Another common practice is to restrict which features each decision tree can see. For example, the first decision tree might only be able to see features 1, 3, and 4, while the second decision tree might only be able to see features 1, 3, and 4. Using this in conjunction with bagging is a pretty standard implementation:

def train_random_forest(X, Y, number_of_trees):
N = length(x)     # size of training set
D = length(x[0])  # number of dimensions
forest = []    # list of trees that we'll return
for i in range(number_of_trees):
indices = sample_with_replacement(range(N), N)
bagged_x = X[indices]
bagged_y = Y[indices]
random_dimensions = sample_with_replacement(range(D), D)
t = train_decision_tree(X, Y, random_dimensions)
forest.append(t)
return forest


Adaboost is a very common and lauded modification to the naive random forest, and describes a way to reweight the importance datapoints and trees. Points that are weighted more will be more often selected to be used to train future trees. Adaboost was originally formulated for binary classification.

The algorithm begins by initializing the weight of every point to 1. Every time it trains a tree, it samples (with replacement) from the training data (as is typical for bagging), but with the probability of selecting a datapoint proportional to its weight. If we define the current weights of the training data at some mth step of the algorithm as $w_1, w_2, ..., w_N$, then we can define the error rate as: $e_m = \frac{\Sigma (w_i \cdot I(y_i \neq \hat{y_i}))}{\Sigma (w_i)} = \frac{\text{weighted sum of errors}}{\text{normalization constant}}$ Let $\alpha_m = \frac{e_m}{1 - e_m}$. Then, for every point that was misclassified by the most recent tree, we multiply their weights by $\alpha_m^{-1}$, and then renormalize at the end of the step (so that the weights are probabilities).

As a sanity check, note that if $0 < e_m < 0.5$ (which should always be the case for a weak learner), then $\alpha_m^{-1} > 1$, which means that misclassified points will have their weights increased.

The final output of the whole forest is now the weighted sum of each tree, where each tree's weight is equal to $\alpha_m$: $\hat{y}(x) = \Sigma_{m=1}^M \alpha_m \cdot g_m(x)$ Where $g_m$ is the prediction of the mth tree.

Adaboost in Regression (source)

    For regression problems with the loss function $L$, let $D = \sup{L(y_i, \hat{y}_i)}$.  We use $D$ to force the errors between zero and one, and compute the expected (weighted) loss:

$e_m = \Sigma \frac{L(y_i, \hat{y}_i) w_i}{D}$

This "D" trick seems super sketch to me... but I'm not a CS professor.  Then, as in classification, we let $\alpha_m = \frac{e^m}{1 - e^m}$.  Every training point's weight is multiplied by $\alpha_m^{1 - L(y, \hat{y}) / D}$.  If a datapoint is predicted perfectly, it is multiplied by 1, while large errors will force the exponent to be negative (and $\alpha_m < 0.5$)

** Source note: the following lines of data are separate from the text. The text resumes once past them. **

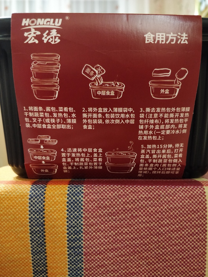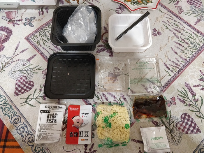 3. Во внешний контейнер кладём нагревательный элемент, предварительно вытащив его из внешней упаковки, заливаем его водой из пакетика поменьше (с оранжевыми иероглифами), ставим в него внутренний контейнер, накрываем его крышкой, на крышку кладём все пакетики с соусами и прочими съедобными добавками и завязываем пакет.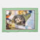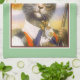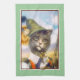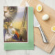 This beautiful vintage kitchen towel for cat lovers and cat owners features the wonderful whimsical work of famous German artist Arthur Thiele. The painting on oilette is of a handsome brown tabby cat with green eyes dressed in his Sunday best for a day's stroll in the Bavarian Alps. He's wearing a green peaked hat decorated with daisies and traditional lederhosen. In one paw is a decorative pipe and the other holds a walking staff. He's painted against a soft blue sky with rolling hills in the background. The kitchen towel would be the perfect gift for admirers of vintage cat art. You can change the colour of the soft green background border to suit simply by using the customise button.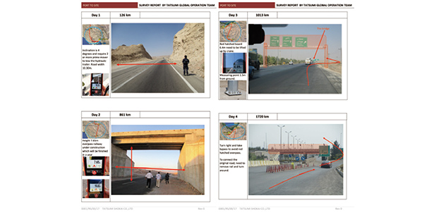 現場主義の徹底は、プロジェクト遂行力の差にも表れます。最適・確実な輸送を確保するために、各国の通関事情や港の慣習に精通し、あらゆる貨物の特性を熟知することはもとより、事前に現地を訪れ、全輸送ルートを徹底して調査しリスク分析・技術検証を行い、時には障害物撤去や新たな道を建造するなどして、安全輸送の実現に全精力を注いでいます。万が一のトラブル時も、現場経験が豊富な人材が現地で臨機応変にアイデアを出し、納期を遵守する遂行力が顧客からの厚い信頼へとつながっています。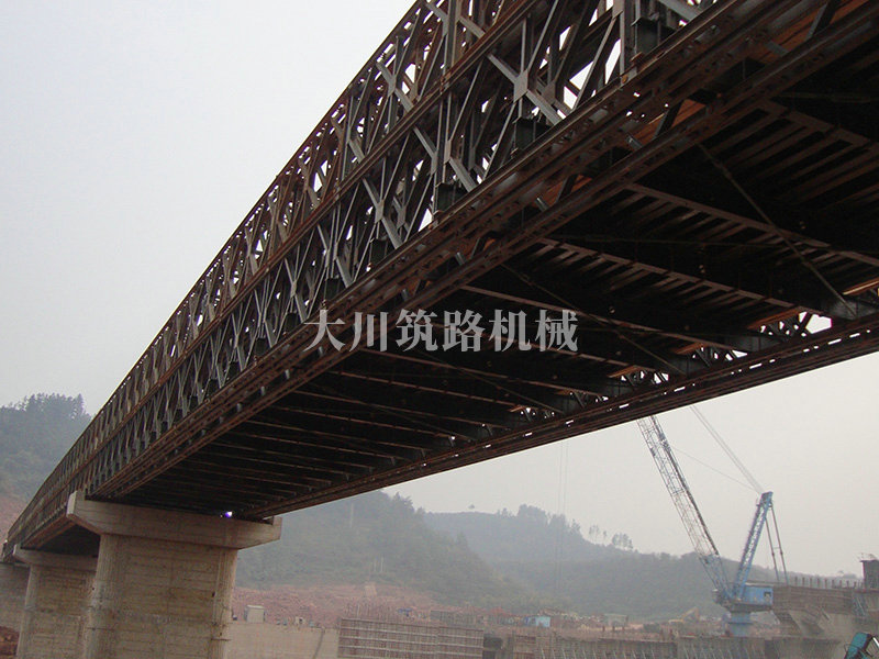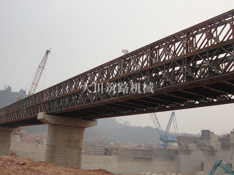 鋼橋型號:39M+39M+39M三排雙層結構下承式鋼橋。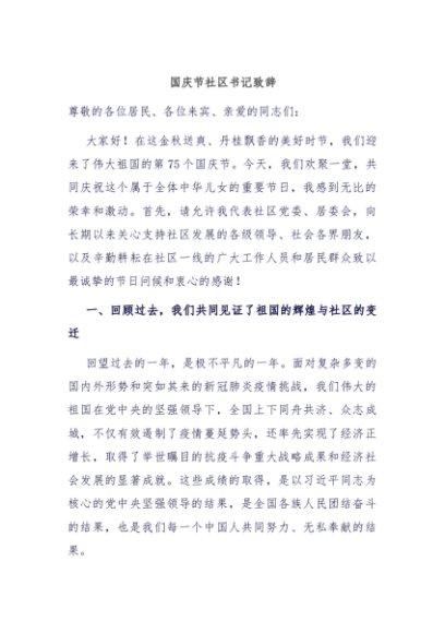 【七哥公文】2024年:国庆节社区书记致辞+更多免费公文+VX:QiGeGongWen2024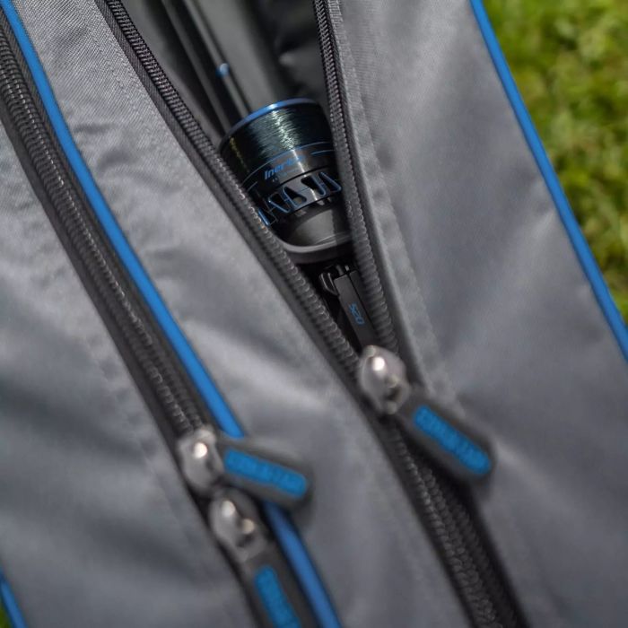 De foedraal is eenvoudig te gebruiken met de interne klittenbanden om de hengels op hun plaats te houden. Als u kortere hengels opbergt kunnen deze gespreid worden met behulp van de interne hengel eind zakjes om meer ruimte rond de molens te creëren. Er is ook een centraal tussenschot om de molens tijdens het transport uit elkaar te houden, zodat ze niet tegen elkaar botsen en krassen of andere ernstige schade veroorzaken.
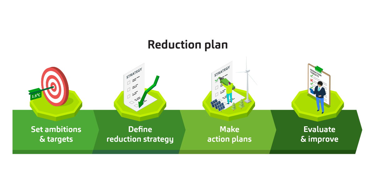 Once your carbon footprint is mapped, the real work begins: taking concrete steps towards net zero. That means setting clear goals, developing an appropriate strategy and translating them into actions within your organisation and supply chain.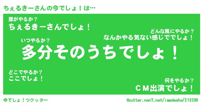 | 肩書あだ名 | 『ちぇるきー店長』『ちぇるきー総理大臣』 |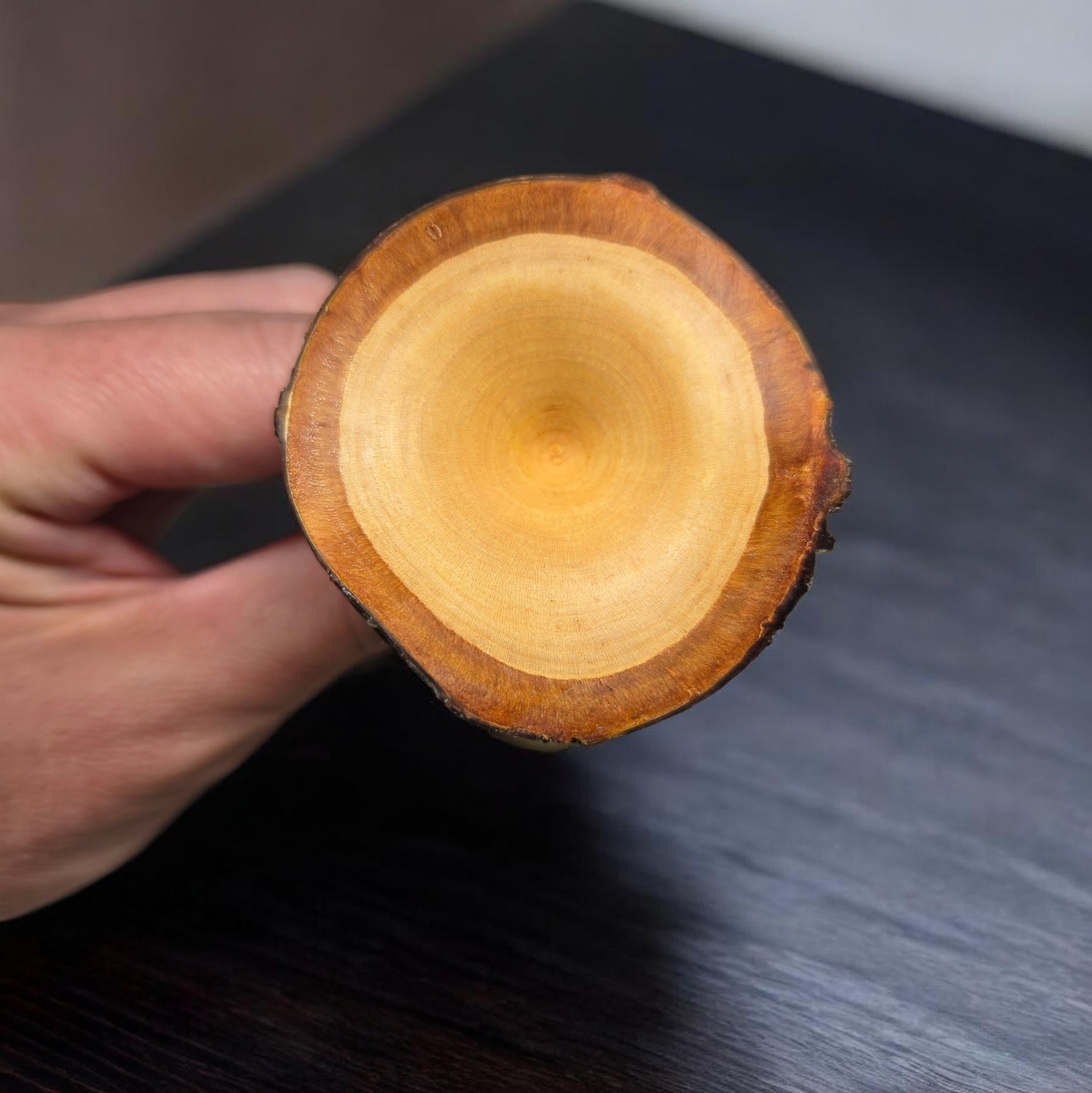この作品は、生命力に溢れた桜の「生枝」から一つひとつ丁寧に削り出し、仕上げられています。最大の特徴は、削り終えた後の「乾燥プロセス」にあります。

Another common alteration to the random forest algorithm is gradient boosting, which is designed for regression. In this case, every tree is trained on the residuals of the trees before it:

def gradient_boosting(X, Y, number_of_trees):
forest = []    # list of trees that we'll return
for i in range(number_of_trees):
tree = train_tree(X, Y) # train tree on residuals
forest.append(tree)     # add tree to forest
Y = Y - tree.predict(X) # update Y to be the new residuals
return forest


The prediction of the entire forest is then simply the sum of its constituent trees.

This can be viewed as a form of implicit "boosting", where the 'weight' of each point is the error the forest is currently making on it.